La percepción de la cultura hoy por hoy pareciese una extensión del mundo. Una extensión de un mundo que no para nunca, si quiera a contemplarse a si mismo. La distancia entre nosotros se hace aún mayor. El mundo no para y por lo tanto nosotros tampoco. Más aún no habrá que olvidar un detalle que cobra vida misma al saberlo único. Somos parte de un mundo pero somos un mundo en si. Poseemos una característica única. Podemos contemplar y construir es decir, no solo estar también ser. La inmensa complejidad de esta única característica se muestra ante nuestros ojos. Basta una mirada, basta contemplarnos con el tiempo suspendido, basta observar el arte. Nosotros habitamos espacios, somos parte de ellos pero vivimos en una memoria, en recuerdos. Estamos en el y a la vez no lo estamos. Vivimos en el tiempo y ajenos de el, vivimos día a día pero aún vivimos ayer, arquitectos de belleza y de terror. Aquel mundo que no se contemple estará destinado a perderse en el presente olvidado, jamás en la profundidad del tiempo, jamás será recordado ni trascenderá en la historia de lo incierto. Hoy el mundo muestra aquellos síntomas que lo destinarían a perderse, el mundo ha tomado esa peligrosa dirección. Aquella dirección inevitablemente nos trasladaría a la indiferencia, indiferencia ante la notoriedad y trascendencia, indiferencia ante nosotros mismos. Las distancias no solo superan direcciones territoriales también lo hacen con los seres y sus obras. El artista se encontrará entonces ante la disyuntiva de comunicar verdades y no permitir que el mundo se dirija ante la indiferencia perpetua, pero sabemos que estas a veces son insoportables, a veces los artistas tienden a disfrazar de mentiras de verdades para que podamos soportarlas.

AURA, CARLOS Y YO



Te desconcentrarás. Perderás por un momento sus ojos al no creer que sea posible .Regresas a ellos, te encuentras en ellos. Intentas persuadir a tu ya alterada mente. Lo logras y respiras el aire de un beso. Piensas que por fin posees aquellos ojos, aquella timidez y aquella vanidad que al fin y al cabo solo reflejará la tuya. Imaginas una vida lejos de todo, lejos de ahí. Donde el sol no la refleja o donde ella no refleja al sol .Lejos piensas. Ella vacilará, se alejará a las sombras, donde tú no puedas verla, donde tus sentidos ya no ven, donde tu sentidos ya no son.

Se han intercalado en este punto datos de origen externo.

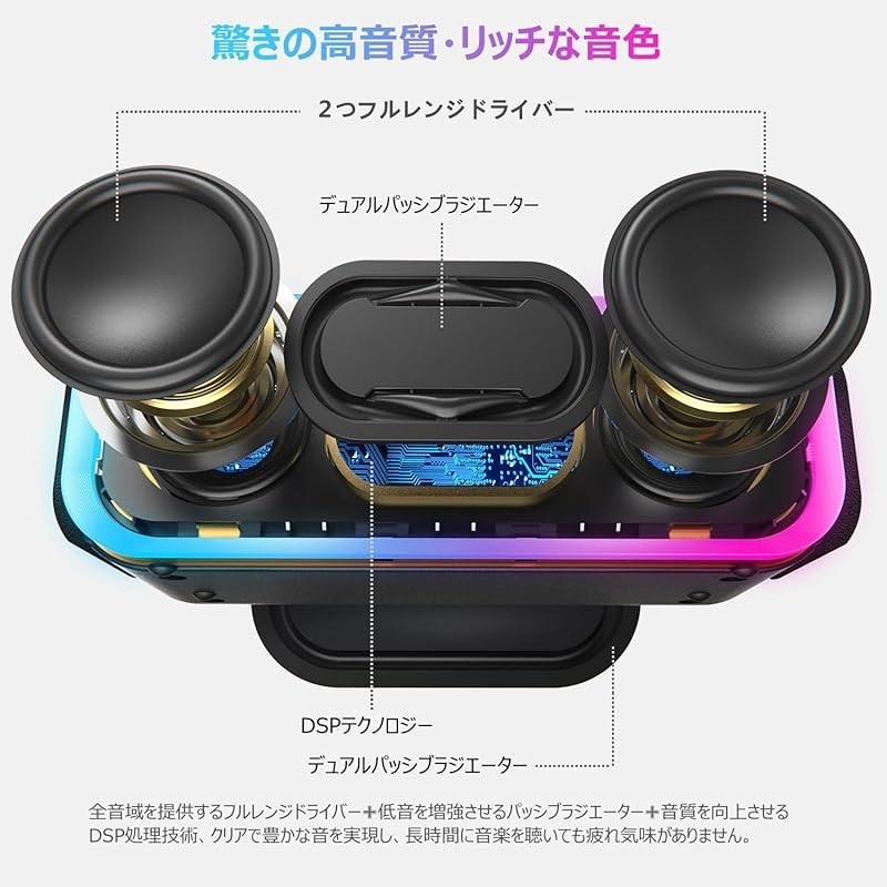 [import from Japan] DOSS SoundBox Pro+ Bluetooth Speaker 24W Deep Bass Wireless Portable Small Bluetooth Speaker【15-Hour Playtime/Wireless Stereo Pairing/Lighting Feature/IPX6 Waterproof/Built-in Mic/Aux-in/TF Card Supported/Perfect for Bathrooms and Outd

Dirás:

— Escúchame, no puedes ocultarte siempre.
—Ocultarme dices.
— Si, ya no puedes ocultarte, por lo menos no de mí, ahora te he encontrado y no pretendo dejarte ir.
— ¿Dejarme ir?, a donde quieres ir.
— Lejos de aquí, a donde tu quieras ir
­— No has entendido nada, no quiero que me dejes ir, no necesito que me dejes ir, somos uno solo tu y yo aquí
— Aquí, dices?, donde la tristeza se adueña de cada rincón, donde el polvo fiel testigo del vivir se acobarda de existir.
—La nostalgia de existir fue esperar a que tú llegaras por mí

La voz se extinguirá. Recordarás aquellas palabras que devastan tú interior. Recordaras “llegaras por mí”. Fiel a tu lógica de encontrar la lógica rogarás por tropezar con aquellas palabras. Aquellas palabras que han roto ya una pared de tu conciencia. Por primera vez en tu vida crees en no creer. Pensarás “podremos estar en lugar de ser”. En ese instante tu lógica, esa misma que no permite otra detendrá ya el desahogo y sin saberlo te ahogará aún más. Has decidido que partirás. Lo gritarás y gritarás:

—No hay tiempo para más.

Ella aparecerá entre las sombras y llorando te dirá

— Tengo el tiempo que contarte y tú tienes tiempo que escucharme.